Elle se réveilla à nouveau environ deux heures plus tard. Elle entrouvrit les yeux – difficilement – et cracha pour rejeter ses cheveux de sa bouche. Elle se frotta les yeux, tentant de les ouvrir plus grand. « Ah… ma tête… et cette lumière, oh, qu’est-ce que ça fait mal... » Elle se redressa sur un coude et, dos au soleil, elle parvint à regarder autour d’elle. Et reconnut enfin qui était allongé à côté d’elle.

« Eza… Qu’est-ce qu’elle est belle… Comment ai-je pu douter de toi un jour ? Toi, me trahir ? Jamais… »

« Bon, c’est pas tout ça, mais va falloir se lever. »

Elle essaya de sortir du lit discrètement mais, coincée entre le mur et Eza, et encore mi-assoupie mi frappée par la gueule de bois, ce n’était pas une tâche des plus aisées. Soudain, sa tête cogna quelque chose. « Ah put- (s’exclama-t-elle) ain... (sa voix diminuant rapidement en volume). » Elle se frotta la tête à l’endroit douloureux (quelle fenêtre de merde, décidément il allait falloir penser à la fermer le soir) puis se tourna vers Eza, laquelle s’était retournée, les yeux embués. « Rendors-toi ma puce. C’est pas une heure correcte pour se lever après hier. » Celle-ci ne se la fit pas dire à deux fois, et replongea aussitôt dans le sommeil du juste.

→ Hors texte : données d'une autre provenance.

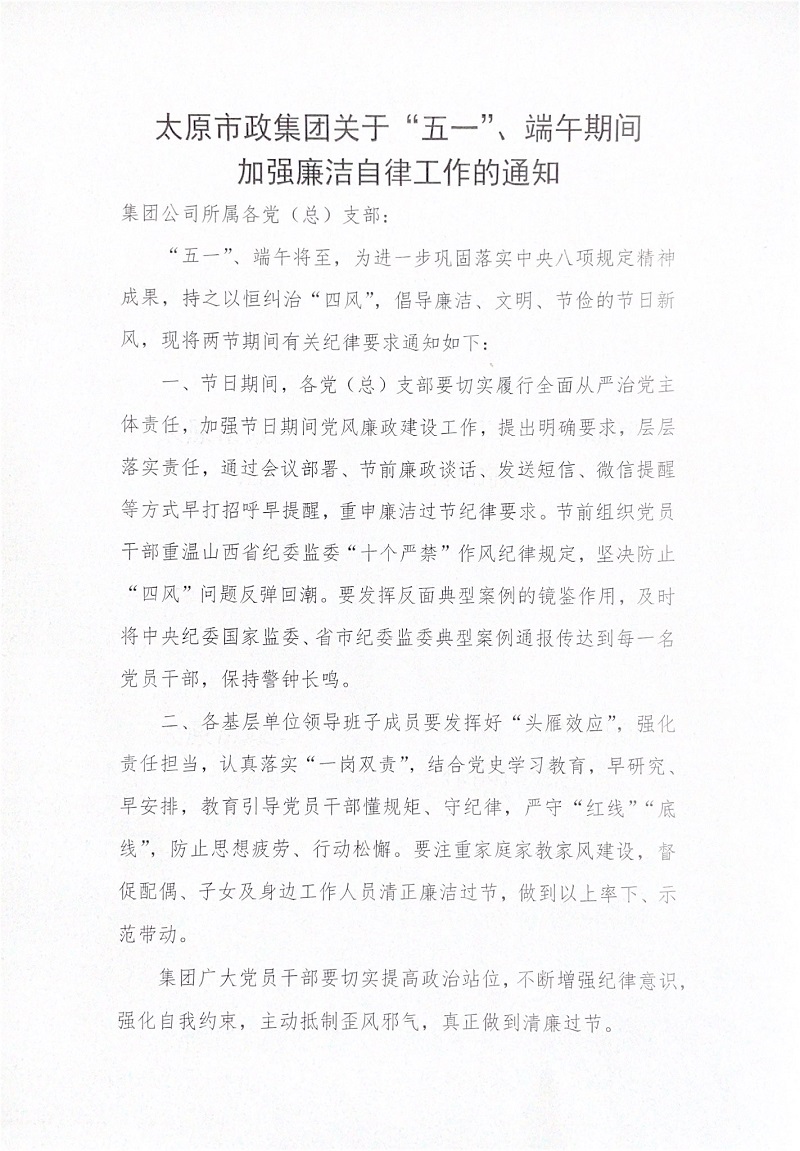 太原市政集團關(guān)于“五一”、端午期間加強廉潔自律工作的通知
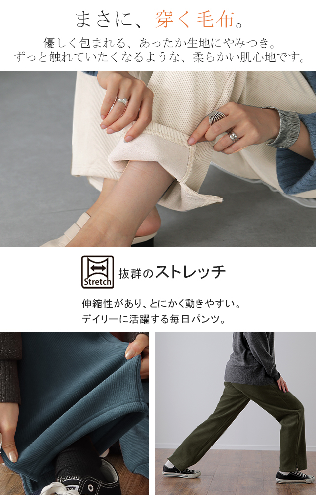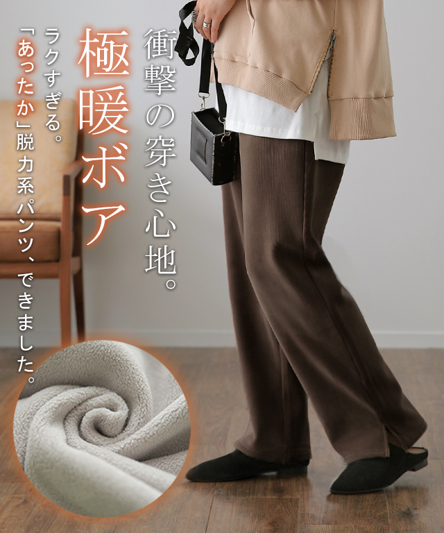 ロングパンツ スリットパンツ イージー イージー素材 イージーパンツ 裏起毛パンツ 裏ボアパンツ 裏フリース 裏フリースパンツ 暖か あったか あたたかい 防寒 楽 リラックスパンツ リラックスボトム おうち時間 お家時間 ワイドパンツ ストレスフリー ストレッチ素材 ストレッチパンツ ストレート ロング丈 長い 長め ナチュラル フレア フレアパンツ ズボン ずぼん 長ズボン 長ずぼん ゴムウエスト ゴムウェスト ウェストゴム ポケット ストリート ワンマイルウエア ワンマイルウェア 部屋着 ルームウェア パジャマ レディースファッション ラクチン らくちん 楽ちん リラックス ゆるカジ ゆるい ゆるファッション ゆったり こなれ 母の日ギフト ゆったりサイズ ゆる すっきり シンプル カジュアル ナチュラル ベーシック テレワーク リモートワーク リモート オンライン飲み会 着回し 大人 大人カジュアル オトナ 女性 綺麗 きれい キレイ キレイめ 高見え 上質 上品 ラクチン 楽 らくちん 楽ちん 動きやすい プラスサイズ 着痩せ 着回し プレゼント ギフト 贈り物 重ね着 プラスサイズ ゆったり ゆったりサイズ ゆる すっきり カジュアル 着回し 大人 大人カジュアル オトナ 女性 綺麗 きれい キレイ きれいめ キレイめ 高見え 上質 上品 モカブラウン ブラウン ホワイトグレー ホワイト グレーオフホワイト チャコールグレー チャコール ブラック ペールカーキ カーキ グリーン ピスタチオ S M L LL 2L XL 3L XXL LLL 20代 30代 40代 50代 おしゃれ 春夏 春 夏 秋 冬 秋冬 シンプル お洒落 オシャレ かわいい 可愛い カワイイ HUG.U HUGU ハグユー はぐゆー

Aasmi s’habilla comme elle put et, une fois prête, sortie de la cabine. Elle ouvrit la porte en grand, s’étant à présent habituée à la lumière tamisée de la pièce, et sans réfléchir. Elle le regretta aussitôt, la lumière du grand jour extérieur lui agressant la rétine. Elle plissa les paupières, et s’avança prudemment sur le pont, tâtonnant sur les premiers mètres. Elle se tenait au garde-fou, essayant de ne pas tomber. « Oula ! Le pied marin, c’est pas valable après une soirée arrosée, je note. » Elle rejoint l’avant du Tawon, et observa la mer. Enfin, elle gardait plus ou moins les yeux plissés, les reflets sur l’eau n’étant pas du meilleur effet pour son mal de crâne.

Cela faisait plusieurs jours qu’ils stationnaient à l’embouchure du Henshan, l’un des deux grand fleuves du Zijian selon leurs informations. Ils attendaient l’arrivée du Lalat Kuda et du Tabuhan, les deux autres navires de l’Essaim à être suffisamment armés pour l’incursion qu’ils s’apprêtaient à réaliser. Ceux-ci ne devraient plus tarder d’ailleurs. Ils étaient attendus pour quinze heure environ.

« Parfait. Juste le temps de décuver. Va falloir purger l’alcool là. »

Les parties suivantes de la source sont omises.